Setting Uber’s Transactional Data Lake in Motion with Incremental ETL Using Apache Hudi

Introduction

Uber has implemented a "transactional data lake" using Apache Hudi to achieve data freshness in ETL pipelines. Incremental processing is used to update modeled tables rather than recomputing all data with each new run, with Apache Hudi allowing for powerful incremental data processing capabilities.

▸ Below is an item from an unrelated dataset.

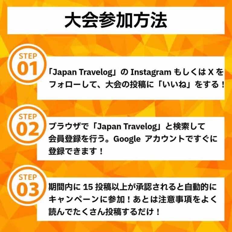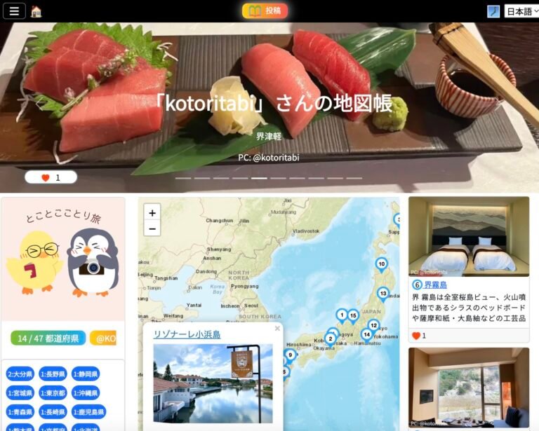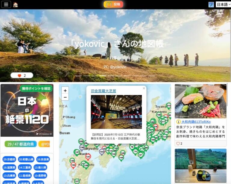 Japan Travelog 推しスポット投稿チャレンジ 推しスポットを投稿して、世界に広めよう! Japan Travelog とは 「Japan Travelog」は誰でも簡単にユニークな旅行記を作成できるSNSです。投稿は6つのカテゴリ(観光、体験、飲食、宿泊、買物、交通)に分かれており、地元の美味しい飲食店から旅先の絶景宿、秘境駅、神社仏閣など、訪れた場所を写真と文章とともに残すことができます。ぜひ、あなたの思い出をコレクションしていきましょう。投稿は自動で5か国語に翻訳されるため、使用言語を問わず楽しむことができます。 「推しスポット投稿チャレンジ」の参加方法はこちら 既存ユーザーの投稿例 観光 体験 飲食 宿泊 買物 交通 推しスポット投稿チャレンジ 開催期間 投稿期間: 2026 年 2 月 1 日 〜 2026 年 4 月 30 日 集計期間: 2026 年 5 月 1 日 〜 2026 年 6 月中旬 結果発表: 2026 年 6 月 中旬 〜 下旬 予定 チャンレンジ参加方法 必須条件① 「Japan Travelog」をGoogleで検索してユーザー登録②「Japan Travelog」上で投稿 & 15投稿以上が承認される任意条件こちらの Insta / X での紹介希望フォーム に下記情報を提出Japan TravelogのユーザーネームInstagram もしくは X のユーザーネーム (両方可)参加資格を満たし、かつ、上記をご提出いただくことで、あなたのJapan Travelog へのご投稿を、弊社Instagram 、もしくは、Xにて紹介させていただきます。 Amazonギフトカード2,000円分進呈 (先着達成者50名) 先着者決定用総ポイントを2,000ポイント獲得した方から順に、BINGO自己申告形式のように、応募フォームをご提出いただき、承認されれば、2,000円分のAmazon eギフトカードが贈呈されます(先着50名様限定)。先着者決定用総ポイントの計算方法はこちら 先着50名様は、応募フォームの提出順となっておりますが、先着者決定用総ポイントを2,000ポイント獲得していないにも関わらず、応募フォームを提出された場合は、参加資格が無効になりますので、ご注意ください。 投稿ルール 投稿が承認される条件として、1投稿につき、写真は3枚以上、文章は3行以上(目安100文字以上)となっています。悪質な改行や同じ文字の羅列、不適切な内容が見受けられた場合は、承認されない旨、ご了承ください。(参考: この2文で102文字) ポイントのルール詳細 ①カテゴリポイント 投稿は6カテゴリ(宿泊、飲食、買物、体験、交通、観光)に分かれており、獲得できるポイント数が異なります。 ②都道府県ポイント カテゴリポイントに加え、投稿場所の都道府県に応じて、ポイントが加算されます。 ③宿泊予約ポイント マイページよりホテルを予約&宿泊したことが運営側で確認でき次第、宿泊料金に応じてポイントが加算されます(事前決済のみ)。※宿泊実績の確認が完了するまでは暫定的にポイントが付与されます。投稿期間終了後、運営側で宿泊実績が確認できなかった場合は、ポイントが失効する可能性がございます。※ご自身の地図帳ページ (例) より予約いただいたユーザー名と、宿泊予約申請フォーム よりご提出いただいたユーザー名を照合して、宿泊予約確認をしているため、マイページよりご予約いただいていない場合は、加算対象外となります。予めご了承ください。 ④紹介 & ⑤被紹介ポイント 自分のプロフィール欄に記載された招待コードを使用して、紹介ポイント獲得のチャンス。ユーザー未登録者が既存ユーザーの招待コードを入力し、15投稿承認されると、紹介達成として認定され、紹介者は200ポイント、被紹介者は100ポイントを獲得することができます。 🏃♀️🏃♂️先着者決定用ポイント計算方法🏃♂️🏃♀️ 本チャレンジにおける先着者決定用総ポイントの計算方法は、「①~⑤の合計ポイント」となります。各ポイント数および合計ポイントは、Japan Travelog 上のご自身のマイページにて、「獲得ポイントを確認」ボタンを押して確認可能です。 ①カテゴリポイントと②都道府県ポイントは、ご自身の投稿が Japan Travelog 事務局によって承認(いいね)されたタイミングで自動付与されます(早ければ当日中、遅くとも投稿から1週間以内)。投稿ルールの基準を満たしていない場合は、承認をできかねる旨、ご了承ください。 ③宿泊予約ポイントは、宿泊実績の確認が完了するまでは暫定的にポイントが付与されます。投稿期間終了後、運営側で宿泊実績が確認できなかった場合は、ポイントが失効する可能性がございます。 ④紹介ポイントは、被紹介者があなたの招待コードを利用して登録し、被紹介者の15投稿が承認されたタイミングで自動付与されます。 ⑤被紹介ポイントは、他の紹介者の招待コードを利用して登録し、ご自身の15投稿が承認されたタイミングで自動付与されます。 個人・商用利用、両方OK! 観光・体験・飲食・宿泊・買物・交通の6大カテゴリーの中から最適なものを選んで記事をご投稿いただけます。旅行記の共有に利用するも良し、おすすめの場所を紹介するも良し、ご自身のお店を紹介するも良し、様々な用途にご利用いただいています。

Challenges with Batch Processing

Batch processing pipelines handle late-arriving data by recomputing entire tables or time windows multiple times a day. Incremental processing extends streaming data semantics to batch processing pipelines by processing only new data and updating results incrementally. This addresses challenges in massive data lakes, where recomputing would require recalculation of all affected partitions.

Read and Join Strategies

ETL pipelines require handling of various types of reads and joins using Apache Hudi. Snapshot reads are also necessary for backfills on single or multiple tables.

Backfill Strategies

Incremental data pipelines also need a way to backfill tables when business logic changes. At Uber, an Apache Spark ETL framework is used to manage and operate ETL pipelines at scale, scheduled through Piper.

Performance and Cost Savings

Using Apache Hudi's DeltaStreamer for incremental reads and upserts showed large performance gains for Uber's batch ETL pipelines.

Conclusion

Apache Hudi and incremental ETL allow for reading updates incrementally and only running the computation logic on delta changes, resulting in more efficient and cost-effective data processing.